Deep Reinforcement Learning

Deep Q-Learning for Atari

Learning values $Q(s,a)$ from input state s, a stack of pixels from last 4 frames
- Output was 18 joystick/button positions
- Reward was change in score for that timestep
Too many states for a lookup table - instead, parametrise $Q_w(s,a)$ with weights w and minimise $[r_t + \gamma max_b Q_w(s_{t+1},b)-Q_w(S_t,a_t)]^2$
- This isn’t good as there are too many similar situations occurring one after the other - too much temporal correlation

Build a database of experiences, asynchronously sample from database and minimise above function
- Randomly choose situations = remove temporal correlations
Other DQN Improvements:
- Prioritised Replay: Store experience in a priority queue so that system concentrates effort on situations with ‘surprising’ Q values
- Double Q-Leanring: have a current Q-network to select actions, and an older Q-network to evaluate actions (by having two sets of weights)
  - $[r_t + \gamma max_b Q_{\overline{w}}(s_{t+1},max_b Q_w(s_t+1, b))-Q_w(S_t,a_t)]^2$
- Advantage Function: use action-independent value function $V_u(s)$ and an action-dependent advantage function A_w(s,a)
  - Advantage function represents advantage of taking action a at state s, compared to action preferred by the policy
  - $Q(s,a) = V_u(s)+A_w(s,a)$
  - Select actions based on max $A_w$

Advantage Actor-Critic: Use $A_w(s,a) = Q(s,a) - V_u(s)$
Asynchronous Advantage Actor Critic (A3C): Learn a parameterised Value function using TD-Learning

Modify mean and standard deviation of the noise
- Have initial mean and standard deviation
- Collect samples from Gaussian distribution, include mirrored samples
- Evaluate fitness of each sample
- Update the mean: $\eta \leftarrow \eta + \alpha(F(\theta) - \bar{F})(\theta - \eta)$ where $\alpha$ is the learning rate, $\bar{F}$ is the baseline fitness, $F$ the fitness
Evolutional Strategy: take top 20% of samples and fit a new distribution with new $\sigma$

KL Divergence, $D_{KL}(q||p)$ is a measure of how much “evidence” each sample will on average bring when you’re trying to distinguish p(x) from q(x).
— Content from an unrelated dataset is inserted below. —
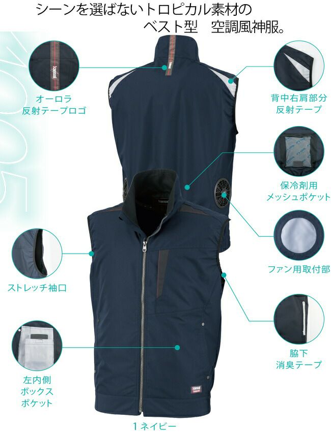 他の画像を見る シーン を 選ばない トロピカル 素材 の ベスト 型 【24V 2025年 GLOBALバッテリー&ファン付き】サンエス SUN-S kansai 空調風神服 K1005 ベスト カンサイ 綿混 空調 ブルゾン ジャケット | 新モデル 新色 メンズ レディース 夏 猛暑 酷暑 熱中症 涼しい 空調 おしゃれ カジュアル かっこいい 高所 フック 制電 定価 オープン価格 販売価格 ¥ 25,080 税込 詳細を見る お気に入りに登録する

If p(x) and q(x) are very different, they are not good representations of each other, value is larger.
Variational Inference: Aim to minimise the divergence between $q(\theta)$ and $p_T(\theta)$, where:
- $p_T(\theta) = e^{\frac{1}{T}F(\theta)}/Z$, a Boltzmann distribution of fitness, T the temerature, Z the normalizing constant
- $q(\theta)$ is the Gaussian distribution determined by the selected $\eta,\sigma$